When you sit down to write a new blog and you end up just gnawing at your fingernails for an hour in the hope that your fingertips will become too bruised and tender to actually type anything, you realise you may be trying to suppress certain childhood memories. This blog post is a good example, since it has taken me a full hour to write this single paragraph.
By now you are probably thinking that something truly horrific happened to me, something so mentally scarring that I need to share it with the world in order to gain proper closure. Well, I’m afraid that after building it up so much, the story itself (which happened when I was seven-years-old) is going to feel a little anticlimactic … but since I’ve wasted so much time already, I’d like to persist.

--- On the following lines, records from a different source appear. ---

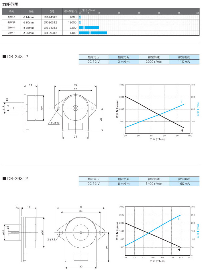 DR-14312,DR-20312,DR-24312,DR-29312,外轉(zhuǎn)子直流無刷馬達
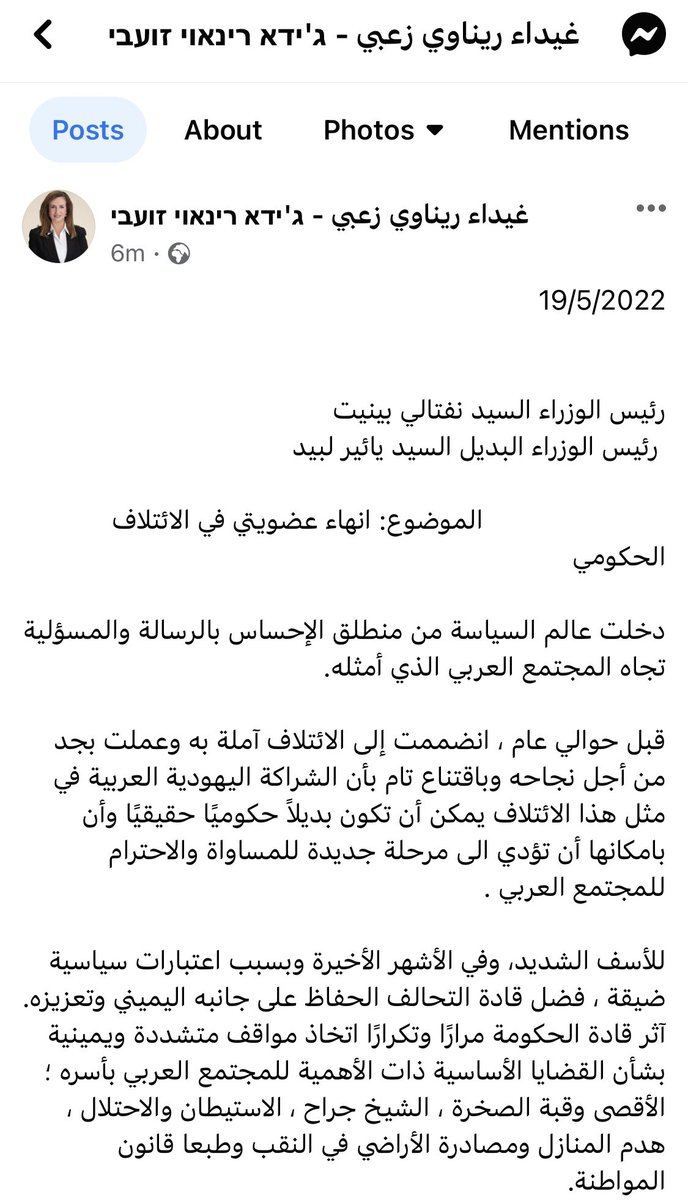 عاجل | عضو الائتلاف الحكومي الإسرائيلي عن "ميرتس" غيداء ريناوي زعبي تنحسب من الائتلاف الحكومي الفاقد للأغلبية أصلا.
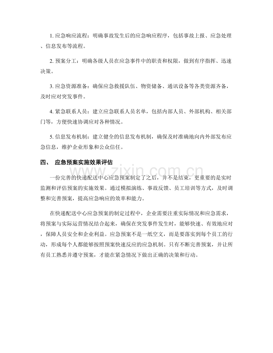 1. 了解现状:了解快递配送中心的具体情况,包括人员构成、业务范围、物流设备、配送路线等,为应急预案的制定打下基础。
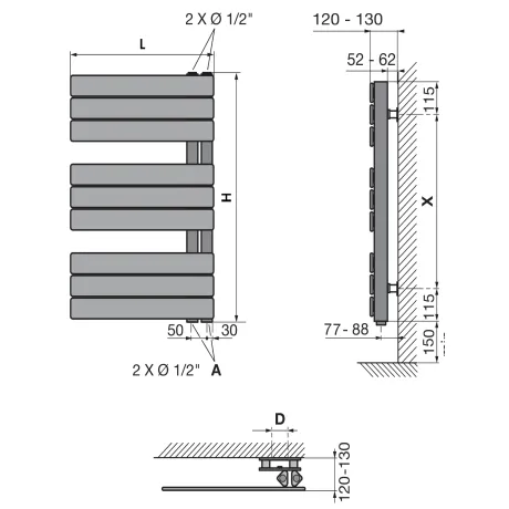 ELA 1104 50/1130/450 Purmo Elato Θερμαντικά σώματα λουτρού δεξίας ή αριστερής σύνδεσης
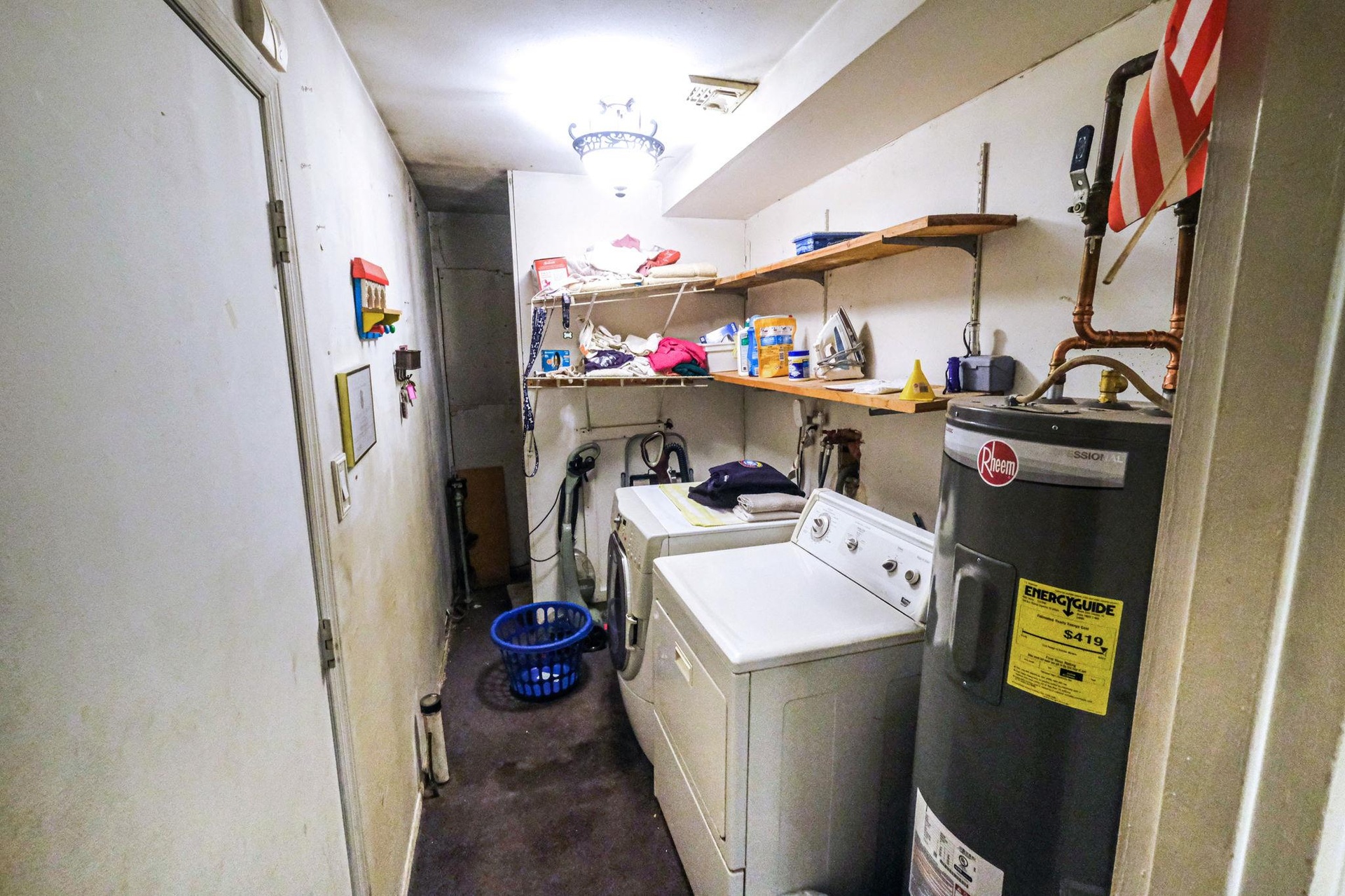 - Laundry area featuring water heater and washing machine and clothes dryer

I was sitting at the kitchen table one night, putting forward a carefully constructed argument (basically just whining, with a lot of mumbling mixed in) about why I didn’t want to eat my avocado, when my father suddenly stood up and removed the offending fruit from my plate.
It was uncharacteristic of my dad to concede defeat so early into the night and I was further shocked when he then turned to my brothers and I and cheerfully asked if we all wanted dessert. Did he just have a memory lapse or something?
Either way, I was very pleased with myself - that was until he handed me my dessert bowl.
Me: “Hey, what’s this?”
Dad (very causally): “That’s ice cream.”
Me: “No, it’s got green stuff in it.”
Dad: “Oh that, well, you don’t like avocado but you do like ice cream, and so I thought that if I mixed the two together you might start liking avocado.”
Me (a bit whiny again): “But I don’t want to eat the avocado bit.”
Dad: “Well it is mixed through, so if you want your ice cream, you have to eat the avocado bit.”
By this point, Dad and the boys were already halfway through their snow white uncontaminated desserts, whilst mine was slowly melting into a green lumpy river.
Now, rather than go into the gory details, I’d just like to say that there is a reason that ‘the avocado sundae’ has never been invented, or if it has, it’s never been a mainstream hit, and that’s because it’s seriously disgusting!
But I have to thank my father too, because he actually did me a favour that night. And it wasn’t just cleaning up my sick. My dad planted a seed in my head (maybe it was an avocado one) that slowly grew and evolved in my mind.
It’s very simple really: if you want to encourage children to embrace their fruit and vegetables, it’s important to be creative.
So I guess being traumatised by the avocado sundae was a good thing, because it pushed me to find other ways to make fruit and vegetables fun for children.
Now, after years of testing my own recipes with preschool children, I am releasing a story-based cookbook with edible food characters called Kindy Kitchen.
And I can almost hear my seven-year-old self sigh with relief.